From The Chair
Pediatric Palliative Care Research – Similar, but Different
Palliative care pediatricians and others who care for children with life-limiting conditions know altogether too well that children are not just little adults. Children who receive palliative care services are affected by illnesses that are different in nature and number from those that typically affect adult recipients of palliative and hospice services. Adults involved in the lives of children – be they family, school teachers, civic club leaders, sports coaches or from a family’s faith community – also occupy a different place in these childrens’ lives (and are generally affected quite differently) when compared to adult family and contacts in the world of adult palliative care. While interdisciplinary teams are the norm in both pediatric and adult palliative care – special knowledge of pediatric developmental, psychological, social and spiritual dimensions round out the comprehensive palliative care of pediatric patients. Even symptom management requires unique assessment tools, knowledge of developmental pharmacology and innovative manners of using medications that may never have been studied in the context of children across the age spectrum – let alone those who may be living with chronic and debilitating states, or at the end of their lives.
So it is that research into pediatric palliative care – be it qualitative or quantitative – must attend to unique differences, challenges, and even barriers in its design, conduct and reporting. To date, few randomized control trials exist in the field of pediatric palliative care. The literature is replete with survey data (often limited by low response rates, investigator bias, poor survey tool design or lack of validation), that may be more preliminary than generalizable. Conclusions from some survey data may be limited because, while it demonstrates what caregivers “think” it may not be capable of measuring what caregivers actually “do”. Case reports and series also abound, peppering the palate of care choices with wonderful ideas, yet not capably addressing safety or efficacy.

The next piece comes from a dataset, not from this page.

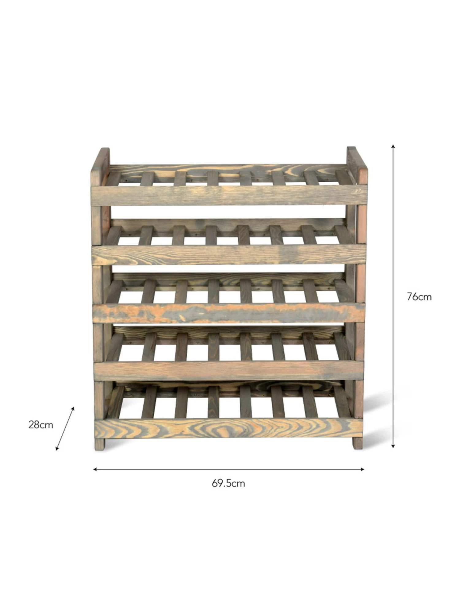 Holding 35 bottles this rustic Aldsworth Wine Rack provides ample room for favourite vintages. Crafted from Spruce it’s both sturdy and lightweight and has been finished with a grey water stain. This gives an overall soft appearance allowing the wood grains to show through. Inspired by vintage bakery racks, We’ve taken traditional aspects to create a free-standing wine unit. The simple shape and clean lines offers a lovely natural way to display a selection of wine. it’s designed to store each bottle at an angle, ensuring the cork is kept moist.
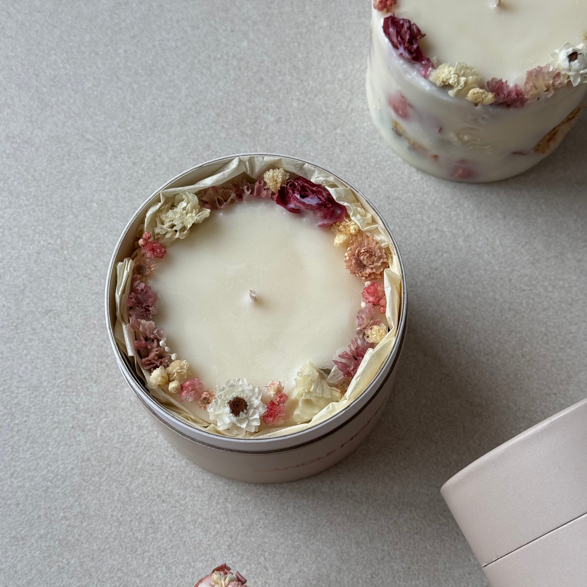 A soft pink botanical candle handcrafted with dried flowers and essential oils. Elegant and calming, it brings a touch of natural beauty and warmth to any space.

The fact that children die of often rare and diverse conditions hampers large studies – indeed multi-site collaboration is necessary as evidenced by networks in the UK, Canada and now the US. Such multi-site studies come with their own challenges of cooperation individual site IRB approval, funding, support systems and staff. That social or cultural impediments exist in and among administrative, IRB, research and policy-making personnel (taboos in addressing dying in America – let alone children dying), also likely contributes to logistical and fiscal constraints on pediatric palliative care research. Further, to best study pediatric palliative care effectiveness and impact, family participation is necessary. Amid the end-of-life care phase, or into bereavement, family members may be thought to find such participation overly burdensome. But recent evidence has emerged from the pediatric care world itself that this not the case – something not altogether clear in other research realms in US health care. Evidence from research into parental thinking, factors and values considered in decision-making, and even bereavement demonstrate that altruism often prevails for some families, and that honoring their child can lead them to participate and create lasting legacies for their child in so doing. In some settings, participation in research allows the patient’s or parents’ lived – and often negative – experience of a clinical decline, another hospitalization, an ICU admission, or home-care under a hospice paradigm, to give way to positive aspects of receiving a potentially beneficial drug or procedure, contributing to improved knowledge of what to do for others, or give purpose/meaning/value to their end-of-life experience.
In recently attending the Pediatric Academic Societies in Washington, DC, I saw and heard firsthand how these challenges are being addressed, and overcome, to advance the research agenda for pediatric palliative care. Centers of excellence are developing across North America that can advance the field and generate a growing body of evidence to ground our nascent specialty. Palliative care will always be a practice – an artful application of human wisdom and medical science. But the scientific rigor it incorporates in advancing its evidence base and equipping its clinicians with new and improved tools will benefit patients, and give credibility to the field, many times over.